**WHAT IS BEING ASKED:** Output each entry verbatim and exclude every picture from it.

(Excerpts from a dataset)
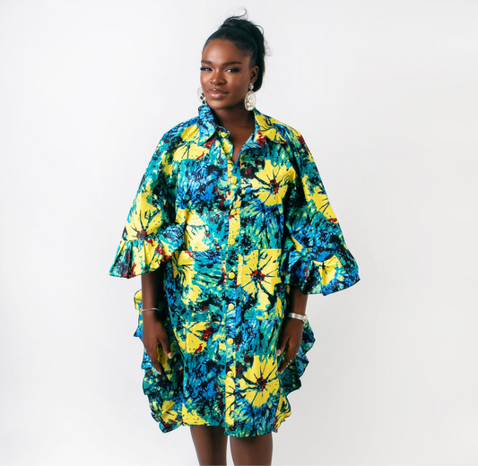 This line features playful, energetic pieces, including jumpsuits, skirts, and casual dresses. The vibrant prints and versatile styles reflect the rhythm and movement of African culture, making them perfect for everyday wear. Available in inclusive sizes to celebrate all shapes.
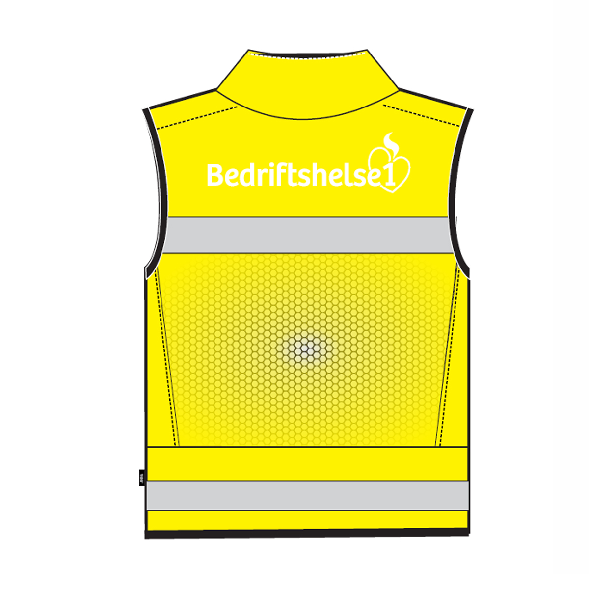 Uni vest påsydde refleksstriper som gjer deg godt synleg! Elastisk piping i ermer og linning. Mesh på ryggen for optimal ventilasjon. CE-godkjent EN 1150, klasse 1. Liten KVIT logo (80 mm lengde) venstre bryst, stor KVIT logo (230mm lengde) rygg.
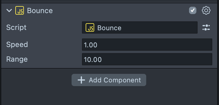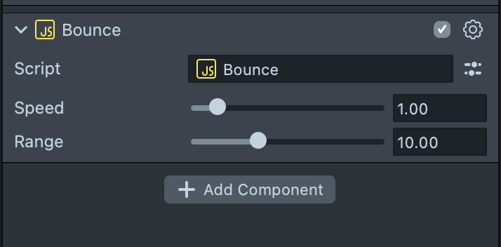 In the case of the Bounce script, it would be handy to adjust the speed and range inputs of the bouncing motion using sliders.
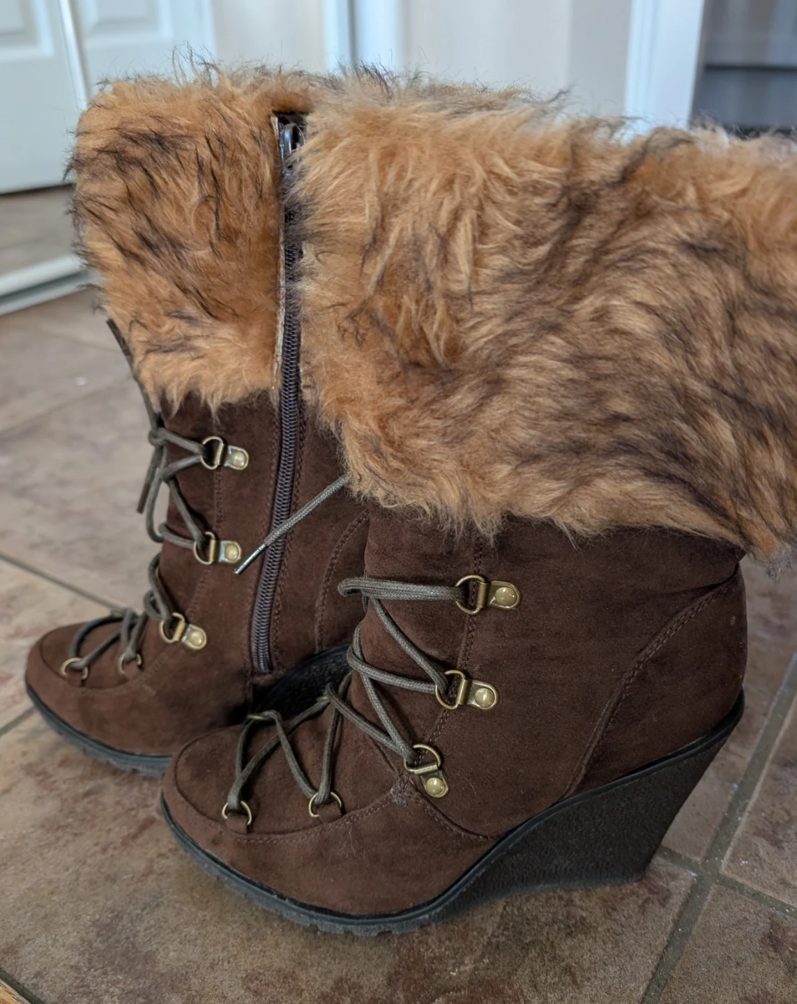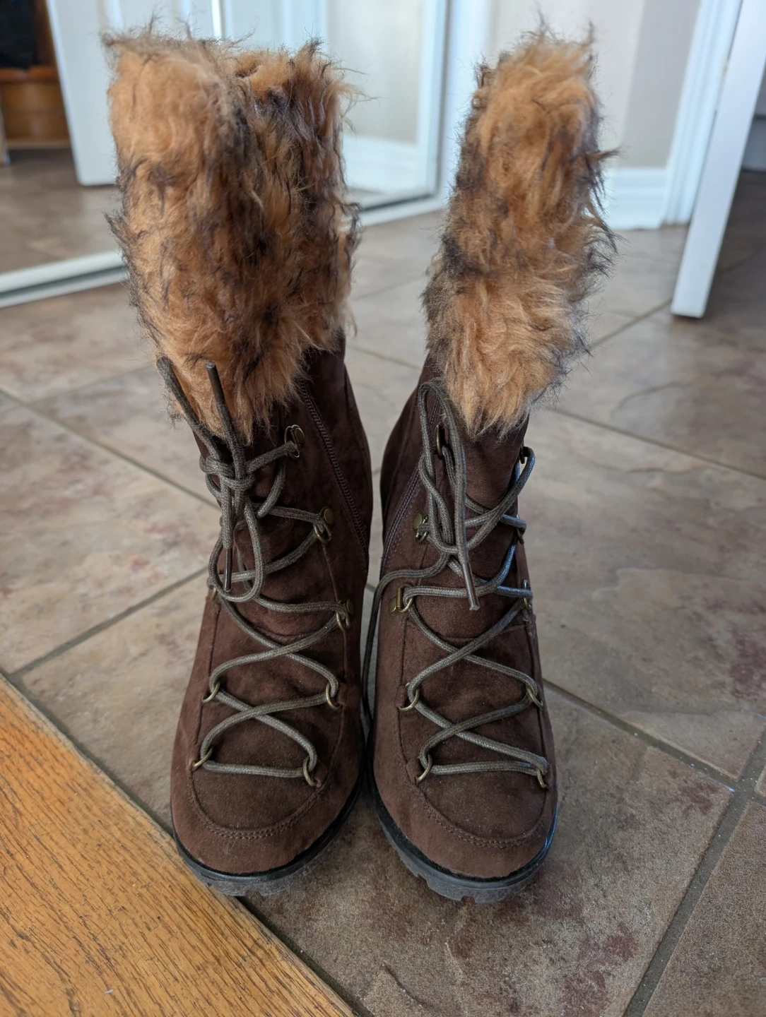 These are a pair of brown wedge heel boots, perfect for winter! They feature a faux fur trim and lace-up detailing. They look great and are in good condition!
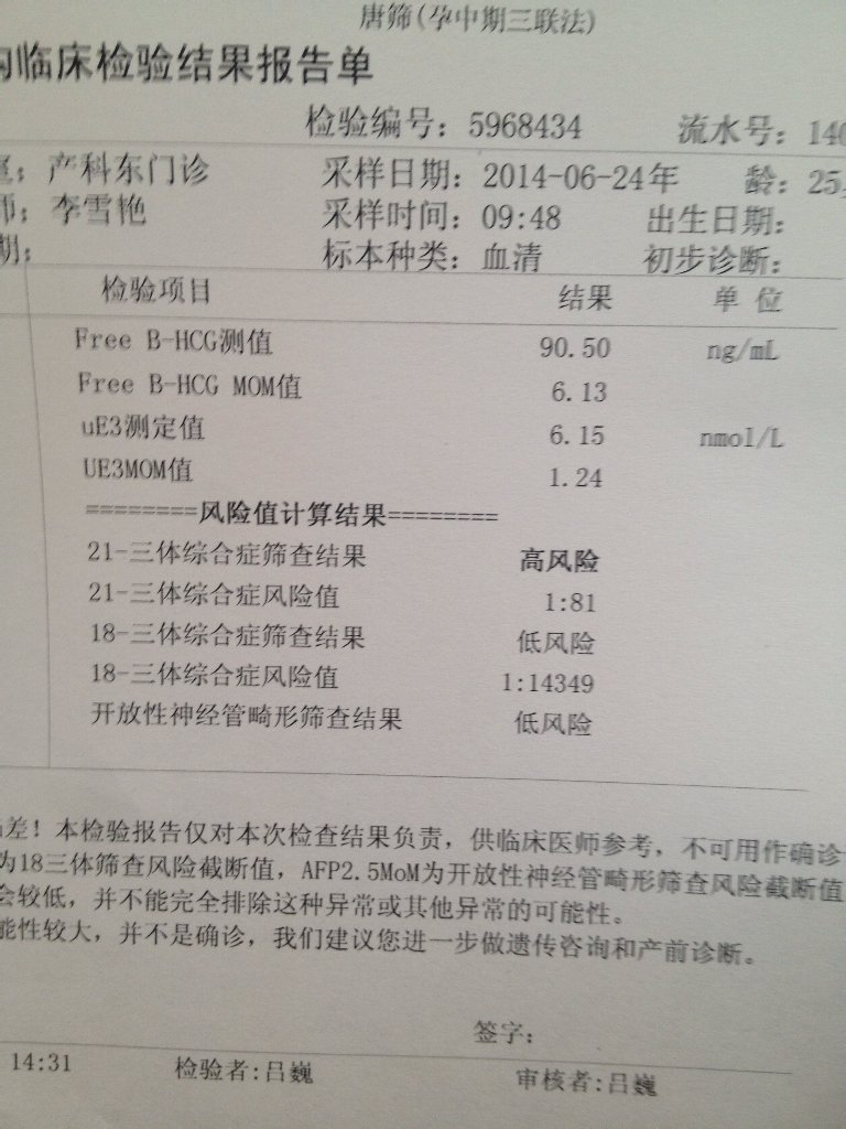 有一样高危医生叫我做羊水穿刺好担心阿是宝宝有问题吗这个宝宝是男宝 对我太重要咯 有一样高危医生叫我做羊水穿刺好担心阿是宝宝有问题吗这个宝宝是男宝 对我太重要咯 点击展开 大宝妈妈 2014-07-01 16:23 为您推荐: 其他回答 羊水穿刺比抽血准确,有一定风险性,但检查可提供参考,为临床诊断提供依据, WEIXIANERYUAN 2014-07-01 16:36 要吃到三个月才好 @满满@都是爱@ 2014-07-01 16:31 相关问题 我的唐氏筛查出来了,高危、说什么是21体综合症,问下宝妈们有和我一样的吗?有医生建议做羊水穿刺,问 有医生帮我看下AFP为10 07属于唐氏高危我需要做羊水穿刺吗? 我想问的是这个BB会不会有问题?因为唐氏筛查21三体系高危,1:85 一定要做羊水穿刺吗
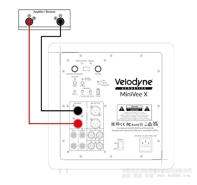 輸出 非平衡立體聲/LFE RCA 輸出,輕松菊花鏈,平衡立體聲/LFE XLR 輸出,輕松菊花鏈,3,5 毫米迷你插孔觸發(fā)輸出,延遲 5 秒
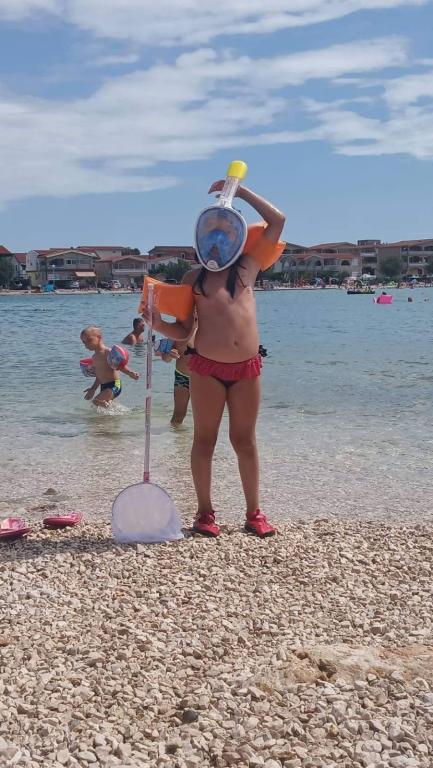 Ik verhuur een onlangs gerenoveerd tweekamerappartement met airconditioning, volledig ingericht voor een gezin van maximaal 4 personen. Het appartement beschikt over twee slaapkamers, een woonkamer met een bed, tv/satelliet, smart-tv en wifi. De keuken is volledig uitgerust met serviesgoed. Er is een badkamer met douche en een binnendouche. Het appartement heeft een groot terras/balkon waar u tot laat in de middag van de aangename schaduw kunt genieten. Er is gratis parkeergelegenheid voor uw auto (wasservice op aanvraag). Een barbecue is beschikbaar voor gasten. Het appartement ligt op 150 meter van het strand/de zee, op 4 minuten loopafstand. Het strand bestaat uit kiezels, vlakbij is een zandstrand voor kinderen, waar zich cafés, restaurants en een ijssalon bevinden. Een winkel ligt op 100 meter afstand, een restaurant op 80 meter en grotere winkelcentra op 1000 meter. Het centrum van Vir ligt op 1500 meter afstand. Het appartement is gelegen in een rustige buurt, aan een stille straat.
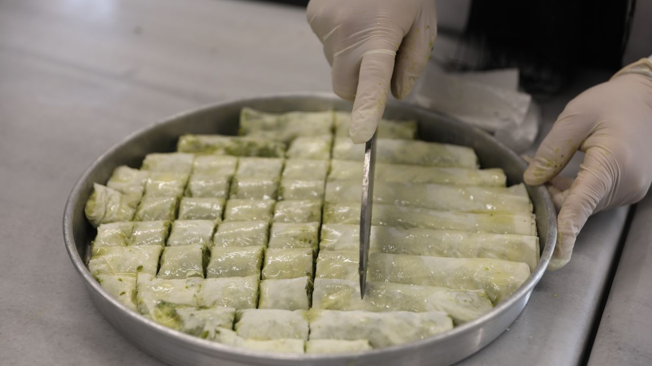 15 kursiyer kadınla birlikte günlük ortalama 50-60 kilogram el açması baklava üretimi yapabildiklerini söyleyen Akbaş, 'Halk Baklava'mızın kilogram fiyatını 750 liradan veriyoruz. Şekline göre fiyatlar değişebiliyor. Fıstık oranına göre baklavanın fiyatı da değişebiliyor. Fıstığı da yine hanımlardan temin ediyoruz. Birinci elden. Günde yaklaşık 20 tepsi baklava üretimi yapıyoruz. Baklavamızı ihracat aşamasında Hollanda'ya ulaştırdık. Çok fazla da talep alıyoruz. Aracı firma bulunması durumunda sürekli satış alanlarının açılması teklifi de geldi. Şehirlerar ası yine ulaştırıyoruz baklavalarımızı. Şu anda öğrencilerimiz burada hem baklava yapımını öğreniyorlar hem her gün ürettikleri baklava kadar para kazanıp, aile bütçesine katkı sunuyorlar' dedi.

**EXERCISE SOLUTION:**
 This line features playful, energetic pieces, including jumpsuits, skirts, and casual dresses. The vibrant prints and versatile styles reflect the rhythm and movement of African culture, making them perfect for everyday wear. Available in inclusive sizes to celebrate all shapes.
 Uni vest påsydde refleksstriper som gjer deg godt synleg! Elastisk piping i ermer og linning. Mesh på ryggen for optimal ventilasjon. CE-godkjent EN 1150, klasse 1. Liten KVIT logo (80 mm lengde) venstre bryst, stor KVIT logo (230mm lengde) rygg.
 In the case of the Bounce script, it would be handy to adjust the speed and range inputs of the bouncing motion using sliders.
 These are a pair of brown wedge heel boots, perfect for winter! They feature a faux fur trim and lace-up detailing. They look great and are in good condition!
 有一样高危医生叫我做羊水穿刺好担心阿是宝宝有问题吗这个宝宝是男宝 对我太重要咯 有一样高危医生叫我做羊水穿刺好担心阿是宝宝有问题吗这个宝宝是男宝 对我太重要咯 点击展开 大宝妈妈 2014-07-01 16:23 为您推荐: 其他回答 羊水穿刺比抽血准确,有一定风险性,但检查可提供参考,为临床诊断提供依据, WEIXIANERYUAN 2014-07-01 16:36 要吃到三个月才好 @满满@都是爱@ 2014-07-01 16:31 相关问题 我的唐氏筛查出来了,高危、说什么是21体综合症,问下宝妈们有和我一样的吗?有医生建议做羊水穿刺,问 有医生帮我看下AFP为10 07属于唐氏高危我需要做羊水穿刺吗? 我想问的是这个BB会不会有问题?因为唐氏筛查21三体系高危,1:85 一定要做羊水穿刺吗
 輸出 非平衡立體聲/LFE RCA 輸出,輕松菊花鏈,平衡立體聲/LFE XLR 輸出,輕松菊花鏈,3,5 毫米迷你插孔觸發(fā)輸出,延遲 5 秒
 Ik verhuur een onlangs gerenoveerd tweekamerappartement met airconditioning, volledig ingericht voor een gezin van maximaal 4 personen. Het appartement beschikt over twee slaapkamers, een woonkamer met een bed, tv/satelliet, smart-tv en wifi. De keuken is volledig uitgerust met serviesgoed. Er is een badkamer met douche en een binnendouche. Het appartement heeft een groot terras/balkon waar u tot laat in de middag van de aangename schaduw kunt genieten. Er is gratis parkeergelegenheid voor uw auto (wasservice op aanvraag). Een barbecue is beschikbaar voor gasten. Het appartement ligt op 150 meter van het strand/de zee, op 4 minuten loopafstand. Het strand bestaat uit kiezels, vlakbij is een zandstrand voor kinderen, waar zich cafés, restaurants en een ijssalon bevinden. Een winkel ligt op 100 meter afstand, een restaurant op 80 meter en grotere winkelcentra op 1000 meter. Het centrum van Vir ligt op 1500 meter afstand. Het appartement is gelegen in een rustige buurt, aan een stille straat.
 15 kursiyer kadınla birlikte günlük ortalama 50-60 kilogram el açması baklava üretimi yapabildiklerini söyleyen Akbaş, 'Halk Baklava'mızın kilogram fiyatını 750 liradan veriyoruz. Şekline göre fiyatlar değişebiliyor. Fıstık oranına göre baklavanın fiyatı da değişebiliyor. Fıstığı da yine hanımlardan temin ediyoruz. Birinci elden. Günde yaklaşık 20 tepsi baklava üretimi yapıyoruz. Baklavamızı ihracat aşamasında Hollanda'ya ulaştırdık. Çok fazla da talep alıyoruz. Aracı firma bulunması durumunda sürekli satış alanlarının açılması teklifi de geldi. Şehirlerar ası yine ulaştırıyoruz baklavalarımızı. Şu anda öğrencilerimiz burada hem baklava yapımını öğreniyorlar hem her gün ürettikleri baklava kadar para kazanıp, aile bütçesine katkı sunuyorlar' dedi.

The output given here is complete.